As an active youth member of 4-H and the National FFA organization, followed by the Block and Bridle Club at Iowa State University, Walker honed valuable leadership and business skills, along with a focus on personal growth and development.
“My brother and I were officers in 4-H and FFA, and my dad was a 4-H leader for more than 20 years,” Walker shared. “Those experiences helped me understand that leadership is ultimately about serving others.”
As he accepts responsibility for the reins guiding Nationwide, Walker said, “Nationwide will evolve for the future, but our relationship with the Ohio Farm Bureau and the agricultural community will remain a vital part of our foundation. Organizations like the Ohio Farm Bureau helped build Nationwide into the company we are today.”
Nationwide’s earliest roots were established in 1926 by the Ohio Farm Bureau when it founded the Farm Bureau Mutual Automobile Insurance Co. that eventually became Nationwide.
“We were started by farmers to support rural communities, and we’ll always honor that heritage,” he said. Nationwide’s first salespeople and customers were farmers who believed in the cooperative spirit of the company and that more could be accomplished together than alone.

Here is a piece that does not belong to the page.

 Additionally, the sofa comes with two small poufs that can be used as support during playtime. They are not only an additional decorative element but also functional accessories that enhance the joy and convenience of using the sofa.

Walker said that belief still drives the company, but its much broader product offerings allow it to offer even more protection today. “Nationwide protects people, businesses and futures, and something that makes us special is the extraordinary care we bring to that mission.”

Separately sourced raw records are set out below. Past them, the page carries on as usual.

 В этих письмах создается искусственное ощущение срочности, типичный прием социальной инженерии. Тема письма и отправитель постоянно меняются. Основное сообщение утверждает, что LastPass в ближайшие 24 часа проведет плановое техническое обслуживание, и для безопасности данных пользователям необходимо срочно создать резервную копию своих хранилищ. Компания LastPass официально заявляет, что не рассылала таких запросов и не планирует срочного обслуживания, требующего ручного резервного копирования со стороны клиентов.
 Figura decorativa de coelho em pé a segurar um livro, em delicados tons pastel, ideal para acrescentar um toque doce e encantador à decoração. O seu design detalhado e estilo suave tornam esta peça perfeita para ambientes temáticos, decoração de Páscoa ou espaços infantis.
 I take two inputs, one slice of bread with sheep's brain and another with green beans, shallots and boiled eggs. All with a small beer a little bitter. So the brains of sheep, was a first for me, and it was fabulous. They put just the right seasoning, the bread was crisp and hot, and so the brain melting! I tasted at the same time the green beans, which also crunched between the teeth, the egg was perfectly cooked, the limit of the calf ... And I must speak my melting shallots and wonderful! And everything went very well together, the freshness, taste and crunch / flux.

Walker points to Nationwide’s commitment to farm safety. The company established Grain Bin Safety Week in 2014 to raise awareness about the dangers of grain bins. Since that time, Nationwide has provided lifesaving grain rescue tubes and training to 111 fire departments across 26 states, including Ohio.
“It’s important to give back to rural communities by helping people protect what matters most. Nothing is more important than people,” he said.
Nationwide is the largest insurer of farms and ranches in the U.S., but Walker sees an opportunity to do even more for the agricultural community by innovating and offering new solutions.
“We’d like to be the No. 1 financial services provider for farmers and ranchers across America,” he said. “Too often, retirement planning and farm succession planning take a back seat to the day-to-day realities of managing a farm.” Nationwide is working to change that through programs like Land As Your Legacy and Your Ag Financial Legacy.
“At the end of the day, farming is a part of who we are as a company,” he said. “Our relationships with Farm Bureaus across the country are among the most important partnerships we have. That will never change.”
Photo caption: Nationwide CEO Kirt Walker with his favorite vehicle (his dad’s farm truck).